### What to do
Return all the lines below exactly. Any picture among them is omitted.

### Stored data

┌────────

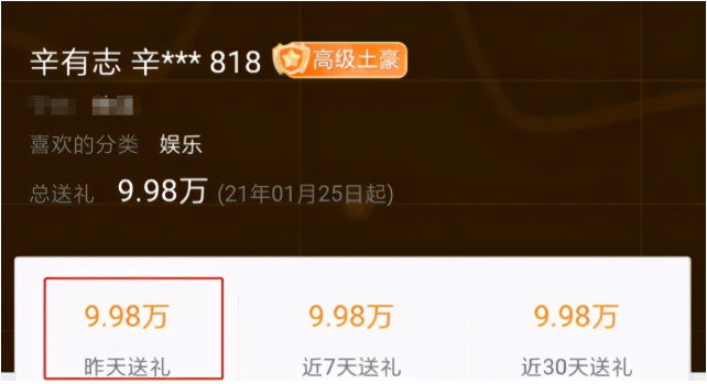 在辛巴账号解封当晚,辛有志一边在互动区与粉丝积极互动,一晚上涨粉10万+;与此同时,辛有志又现身快手多个网红直播间,狂刷礼物9.98万元,以进到快手其他主播的直播间打榜,释放回归信号。
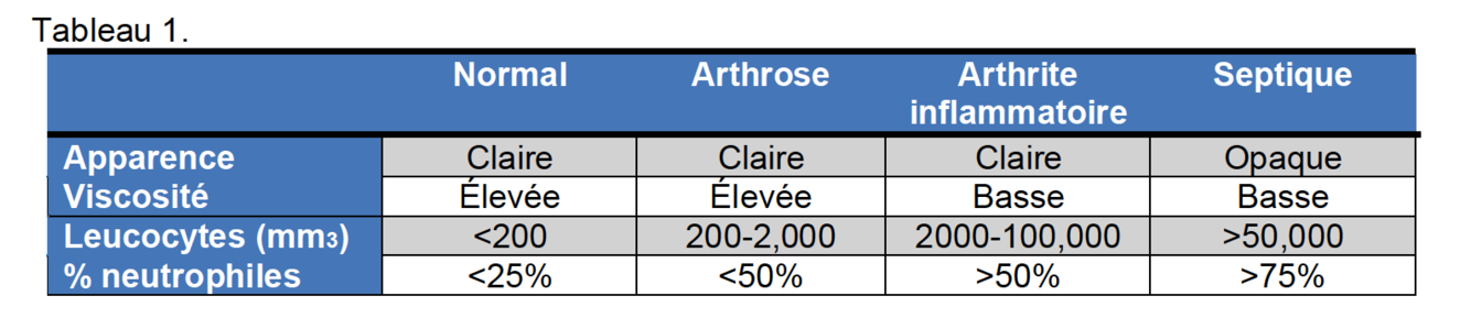 Face à une monoarthrite, la ponction articulaire pour l’analyse du liquide synovial est la procédure diagnostique la plus importe en clinique.
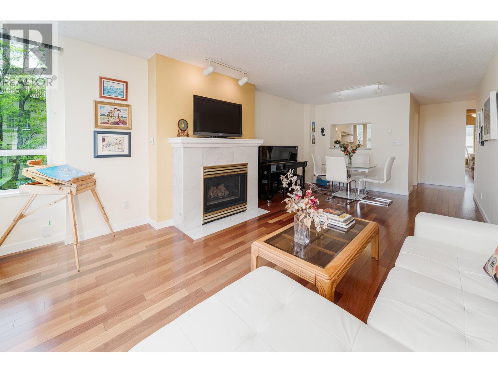 THE UNIT - This generously sized 2-bedroom, 2-bathroom + den home is bathed in natural light and meticulously designed with Brazilian cherry hardwood floors and Hunter Douglas blinds. The suite features an efficiently designed floor plan, abundant in-suite storage space, an inviting kitchen equipped with extensive cabinetry and brand-new 2024 stainless steel appliances, a gas fireplace, and a spacious primary bedroom. Enjoy views of the ocean and sunsets from your south-facing balcony. THE BUILDING - Recently underwent a full exterior retrofit with a new building envelope, upgraded high-insulation rainscreen system, and triple-glazed windows. The sleek metal exterior exudes modern sophistication and durability. Bonus - a proactive strata dedicated to maintaining the highest standards of upkeep. LOCATION - Enjoy the best of the West End. Walking distance to beaches, the seawall, restaurants, shopping, entertainment, and grocery stores! (id:48970) Show More

└────────

### Task response
 在辛巴账号解封当晚,辛有志一边在互动区与粉丝积极互动,一晚上涨粉10万+;与此同时,辛有志又现身快手多个网红直播间,狂刷礼物9.98万元,以进到快手其他主播的直播间打榜,释放回归信号。
 Face à une monoarthrite, la ponction articulaire pour l’analyse du liquide synovial est la procédure diagnostique la plus importe en clinique.
 THE UNIT - This generously sized 2-bedroom, 2-bathroom + den home is bathed in natural light and meticulously designed with Brazilian cherry hardwood floors and Hunter Douglas blinds. The suite features an efficiently designed floor plan, abundant in-suite storage space, an inviting kitchen equipped with extensive cabinetry and brand-new 2024 stainless steel appliances, a gas fireplace, and a spacious primary bedroom. Enjoy views of the ocean and sunsets from your south-facing balcony. THE BUILDING - Recently underwent a full exterior retrofit with a new building envelope, upgraded high-insulation rainscreen system, and triple-glazed windows. The sleek metal exterior exudes modern sophistication and durability. Bonus - a proactive strata dedicated to maintaining the highest standards of upkeep. LOCATION - Enjoy the best of the West End. Walking distance to beaches, the seawall, restaurants, shopping, entertainment, and grocery stores! (id:48970) Show More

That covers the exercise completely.